--- Data extract Enclosed Below ---
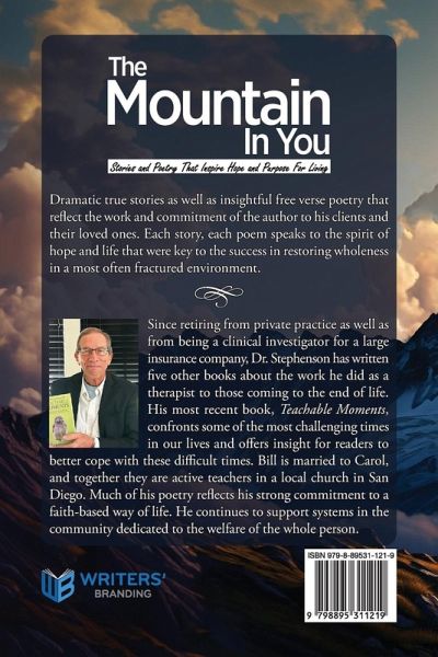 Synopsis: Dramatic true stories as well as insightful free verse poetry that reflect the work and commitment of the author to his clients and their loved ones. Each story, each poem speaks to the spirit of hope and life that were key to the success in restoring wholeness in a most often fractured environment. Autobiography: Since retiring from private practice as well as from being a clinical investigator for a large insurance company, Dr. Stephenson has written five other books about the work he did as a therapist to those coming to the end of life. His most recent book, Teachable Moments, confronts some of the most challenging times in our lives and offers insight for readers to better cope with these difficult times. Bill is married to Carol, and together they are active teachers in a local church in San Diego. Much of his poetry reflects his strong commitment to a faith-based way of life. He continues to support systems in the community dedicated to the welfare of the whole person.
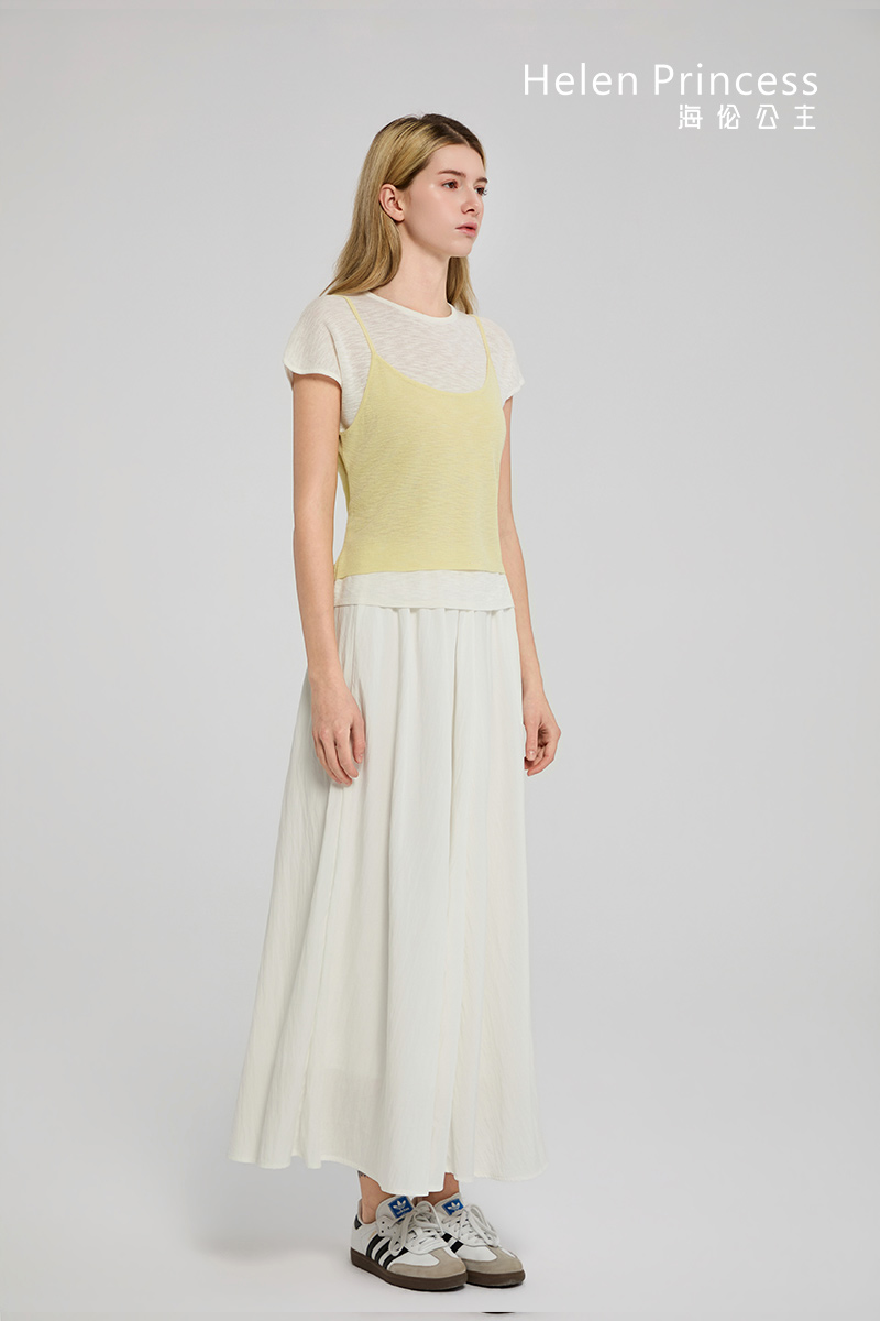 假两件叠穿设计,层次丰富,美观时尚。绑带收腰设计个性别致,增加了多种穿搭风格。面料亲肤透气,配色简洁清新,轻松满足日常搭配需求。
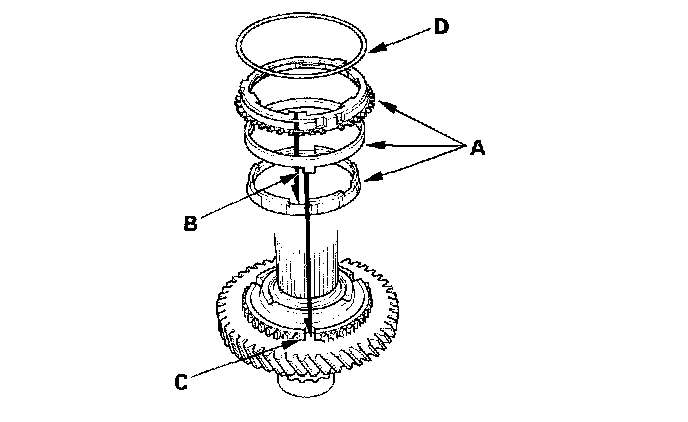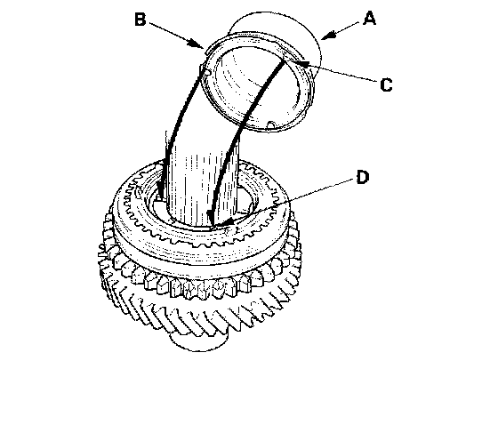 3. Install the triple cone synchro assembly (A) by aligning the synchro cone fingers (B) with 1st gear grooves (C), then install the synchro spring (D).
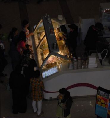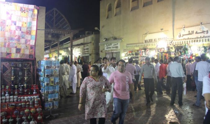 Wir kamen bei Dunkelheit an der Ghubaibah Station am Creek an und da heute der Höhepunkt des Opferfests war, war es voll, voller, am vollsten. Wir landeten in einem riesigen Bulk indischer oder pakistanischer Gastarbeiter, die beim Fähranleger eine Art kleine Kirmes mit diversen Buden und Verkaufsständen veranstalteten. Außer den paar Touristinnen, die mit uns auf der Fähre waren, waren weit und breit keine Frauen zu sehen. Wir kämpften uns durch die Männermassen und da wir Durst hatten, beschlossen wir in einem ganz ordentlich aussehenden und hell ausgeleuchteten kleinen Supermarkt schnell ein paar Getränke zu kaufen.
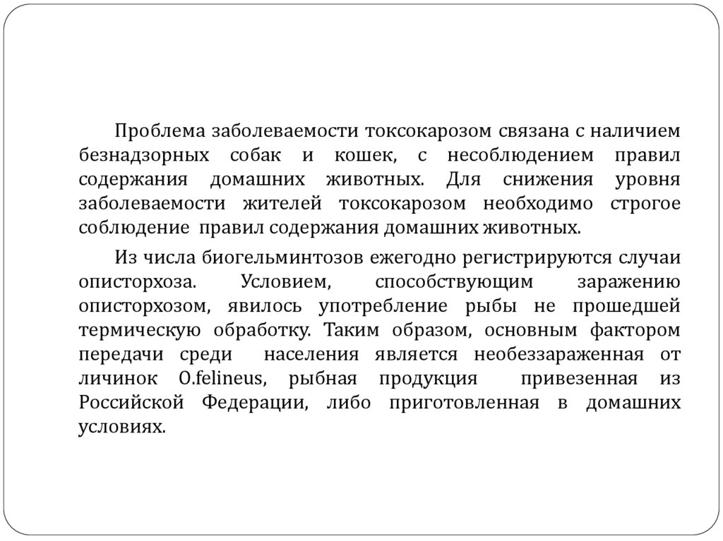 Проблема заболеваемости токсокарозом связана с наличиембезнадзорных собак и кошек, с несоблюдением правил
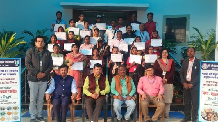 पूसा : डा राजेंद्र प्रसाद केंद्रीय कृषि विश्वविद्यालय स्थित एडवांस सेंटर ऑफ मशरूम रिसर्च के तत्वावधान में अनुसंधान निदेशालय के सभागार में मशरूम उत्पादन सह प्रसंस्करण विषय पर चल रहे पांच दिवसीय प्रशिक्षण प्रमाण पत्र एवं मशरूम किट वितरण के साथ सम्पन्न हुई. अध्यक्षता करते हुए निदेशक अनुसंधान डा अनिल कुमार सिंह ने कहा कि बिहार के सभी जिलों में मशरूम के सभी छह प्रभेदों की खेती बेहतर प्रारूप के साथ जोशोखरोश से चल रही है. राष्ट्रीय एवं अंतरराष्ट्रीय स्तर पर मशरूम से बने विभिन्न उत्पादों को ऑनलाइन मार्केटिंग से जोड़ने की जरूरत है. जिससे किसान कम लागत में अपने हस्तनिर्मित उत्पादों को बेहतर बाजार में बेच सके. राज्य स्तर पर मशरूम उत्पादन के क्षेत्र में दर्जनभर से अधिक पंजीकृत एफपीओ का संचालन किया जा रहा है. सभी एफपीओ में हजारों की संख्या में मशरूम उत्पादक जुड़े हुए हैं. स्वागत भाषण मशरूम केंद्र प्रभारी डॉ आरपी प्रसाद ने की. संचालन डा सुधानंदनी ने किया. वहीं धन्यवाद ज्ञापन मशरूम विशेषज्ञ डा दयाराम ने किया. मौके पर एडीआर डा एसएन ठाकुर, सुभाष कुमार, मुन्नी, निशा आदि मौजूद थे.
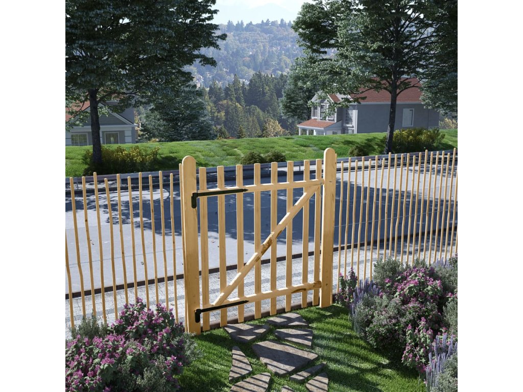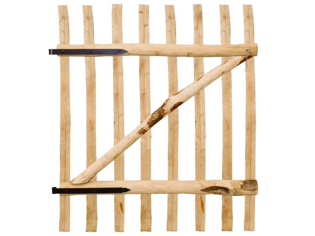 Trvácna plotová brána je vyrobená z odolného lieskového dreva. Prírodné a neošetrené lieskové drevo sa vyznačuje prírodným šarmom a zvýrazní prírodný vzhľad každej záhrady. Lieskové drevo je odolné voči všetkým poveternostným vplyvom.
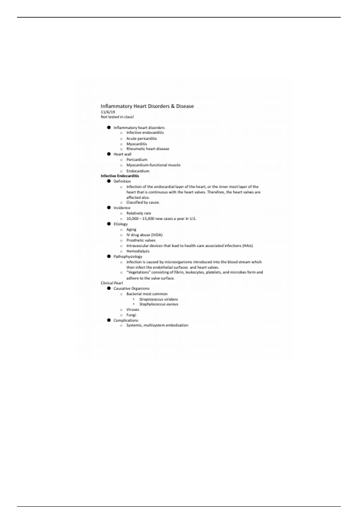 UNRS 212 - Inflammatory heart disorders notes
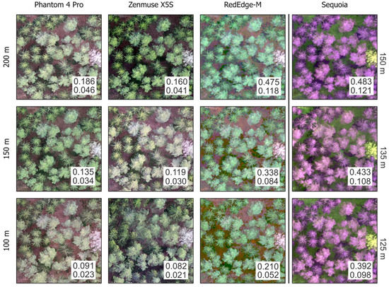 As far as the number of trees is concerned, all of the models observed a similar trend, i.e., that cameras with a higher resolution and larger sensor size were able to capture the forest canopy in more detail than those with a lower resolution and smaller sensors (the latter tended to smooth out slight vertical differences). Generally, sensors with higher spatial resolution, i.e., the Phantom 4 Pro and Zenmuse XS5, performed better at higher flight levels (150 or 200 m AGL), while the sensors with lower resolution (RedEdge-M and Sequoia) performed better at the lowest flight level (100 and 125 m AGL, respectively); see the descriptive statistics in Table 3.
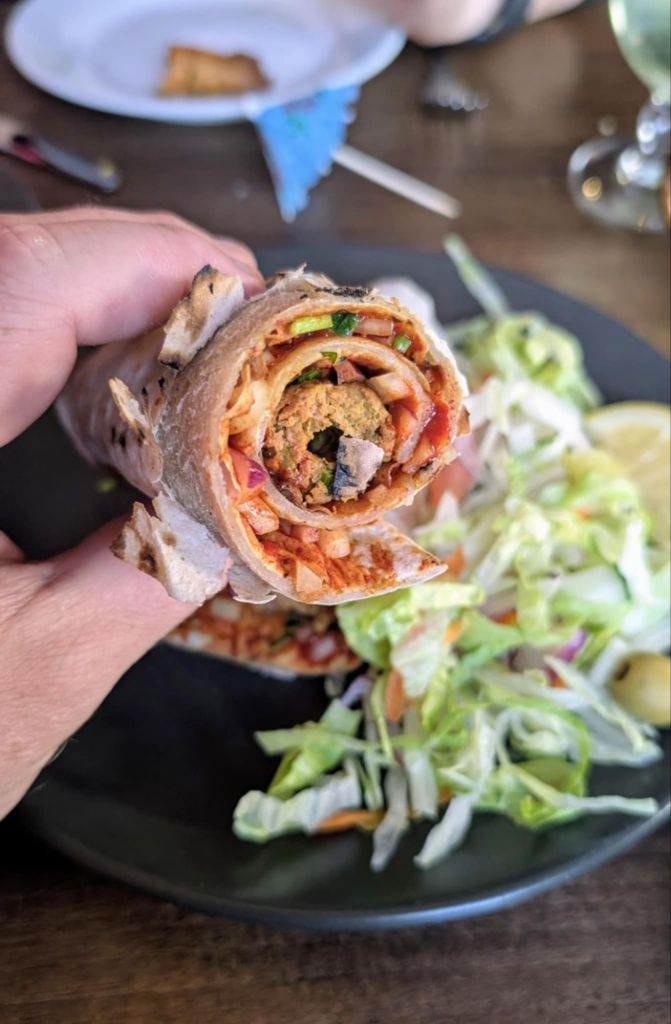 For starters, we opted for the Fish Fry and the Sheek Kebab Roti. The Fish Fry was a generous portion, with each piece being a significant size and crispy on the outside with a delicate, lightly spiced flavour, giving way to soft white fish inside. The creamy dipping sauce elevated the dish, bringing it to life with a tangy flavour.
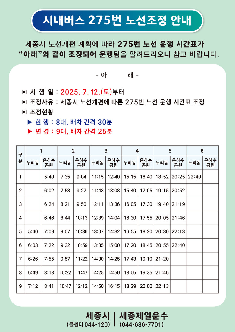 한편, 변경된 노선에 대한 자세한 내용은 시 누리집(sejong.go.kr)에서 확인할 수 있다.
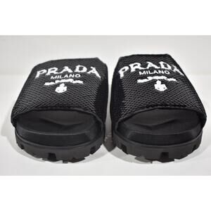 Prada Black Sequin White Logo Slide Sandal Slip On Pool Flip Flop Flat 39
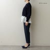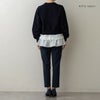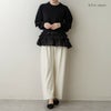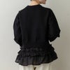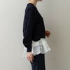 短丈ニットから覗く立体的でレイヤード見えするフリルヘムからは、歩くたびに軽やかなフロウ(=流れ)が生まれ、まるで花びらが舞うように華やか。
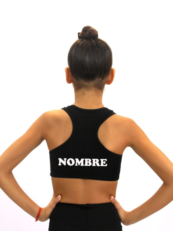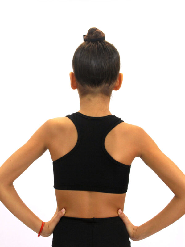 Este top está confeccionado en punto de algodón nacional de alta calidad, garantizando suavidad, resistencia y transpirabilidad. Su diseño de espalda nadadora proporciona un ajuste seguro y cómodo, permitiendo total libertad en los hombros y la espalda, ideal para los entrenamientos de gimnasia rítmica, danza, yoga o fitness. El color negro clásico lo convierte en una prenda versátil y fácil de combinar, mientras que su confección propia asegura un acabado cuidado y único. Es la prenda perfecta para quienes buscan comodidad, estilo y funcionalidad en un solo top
--- End of Enclosed Data extract ---
• Task to complete:
Starting from the line with "한편, 변경된 노선에" in the records above, repeat each line exactly until you have written the line with "短丈ニットから覗く立体的でレ", then stop; drop the pictures.

• Task result:
 한편, 변경된 노선에 대한 자세한 내용은 시 누리집(sejong.go.kr)에서 확인할 수 있다.
 Prada Black Sequin White Logo Slide Sandal Slip On Pool Flip Flop Flat 39
 短丈ニットから覗く立体的でレイヤード見えするフリルヘムからは、歩くたびに軽やかなフロウ(=流れ)が生まれ、まるで花びらが舞うように華やか。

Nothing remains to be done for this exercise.